In [4]:
import os
from glob import glob
from pathlib import Path

cwd = Path.cwd()
print(cwd)
prepped_data_dir = cwd / "PreppedData"

/home/fs1620/MLBD_2024_25/Research_Project/LiaDataAnalysis/PreppedData


In [6]:
# If current path does not end in "PreppedData", move into it
if cwd.name != "PreppedData":
    if prepped_data_dir.exists():
        os.chdir(prepped_data_dir)
        print(f"Changed working directory to: {prepped_data_dir}")
    else:
        raise FileNotFoundError(f"'Annotations' directory not found at: {prepped_data_dir}")
else:
    print(f"Already in {cwd.name} directory.")

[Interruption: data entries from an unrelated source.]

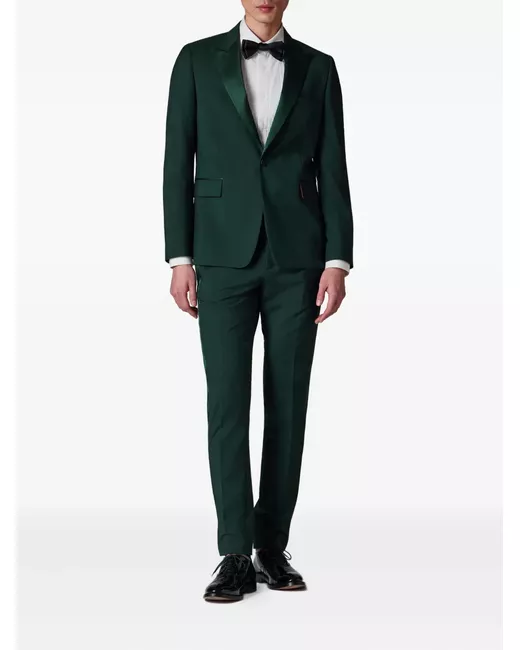 bottle green satin lapel single button fastening welt pockets four button cuffs pocket square
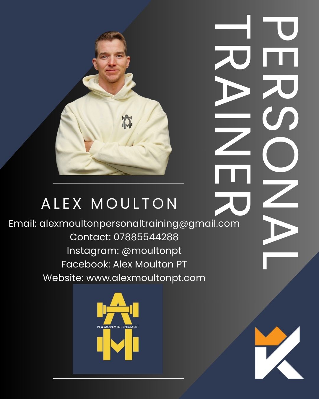 Website: www.alexmoultonpt.com Number: 07885544288 Instagram: @moultonpt Facebook: www.facebook.com/AlexMoultonPT
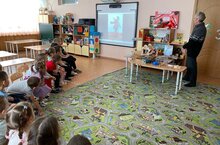 Вместе с воспитанниками детского сада была проведена игра-викторина "Будьте с огнем осторожны всегда". Дети вместе с героем мультфильма "Фиксики" Ноликом побывали в пожарном депо, увидели как работает пожарная служба. Так же усвоили важные правила пожарной безопасности и как нужно правильно действовать при пожаре.
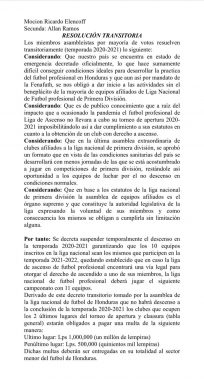 Olimpia, Real España y Lobos de la UPNFM, votaron en contra. Mientras que Real Sociedad, Real de Minas, Marathón, Vida, Platense y Honduras Progreso estuvieron a favor.

Already in PreppedData directory.


In [16]:
import numpy as np
import json
from sklearn.model_selection import StratifiedKFold
import os

def generate_strat_folds(
    data = (),
    save_path='',
    n_splits=5,
    random_state=42,
    shuffle=True,
    return_folds=True
):
    """
    Generates stratified cross-validation folds and saves them to a JSON file.

    Args:
        x_path (str): Path to X.npy (features).
        y_path (str): Path to y.npy (labels).
        save_path (str): Path to save folds JSON.
        n_splits (int): Number of cross-validation folds.
        random_state (int): Random seed for reproducibility.
        shuffle (bool): Whether to shuffle before splitting.
        return_folds (bool): If True, returns folds as a list of dicts.

    Returns:
        List[dict]: List of folds with 'train_idx' and 'val_idx' if return_folds is True.
    """
    
   # Access arrays by their saved names
    X = data['X']
    y = data['y']
    
    print("X shape:", X.shape)
    print("y shape:", y.shape)

    skf = StratifiedKFold(n_splits=n_splits, shuffle=shuffle, random_state=random_state)

    folds = []
    for fold_idx, (train_idx, val_idx) in enumerate(skf.split(X, y)):
        folds.append({
            'fold': fold_idx,
            'train_idx': train_idx.tolist(),
            'val_idx': val_idx.tolist()
        })

    save_dir = os.path.dirname(save_path)
    if save_dir:
        os.makedirs(save_dir, exist_ok=True)
    with open(save_path, 'w') as f:
        json.dump(folds, f, indent=2)

    print(f"Saved {n_splits} stratified folds to: {save_path}")
    
    if return_folds:
        return folds

In [18]:
import numpy as np

# Load the compressed .npz file
data = np.load('data_compressed.npz')

folds = generate_strat_folds(
    data = data,
    save_path='stratfolds5.json',
    n_splits=5
)

X shape: (21455, 862)
y shape: (21455,)
Saved 5 stratified folds to: stratfolds5.json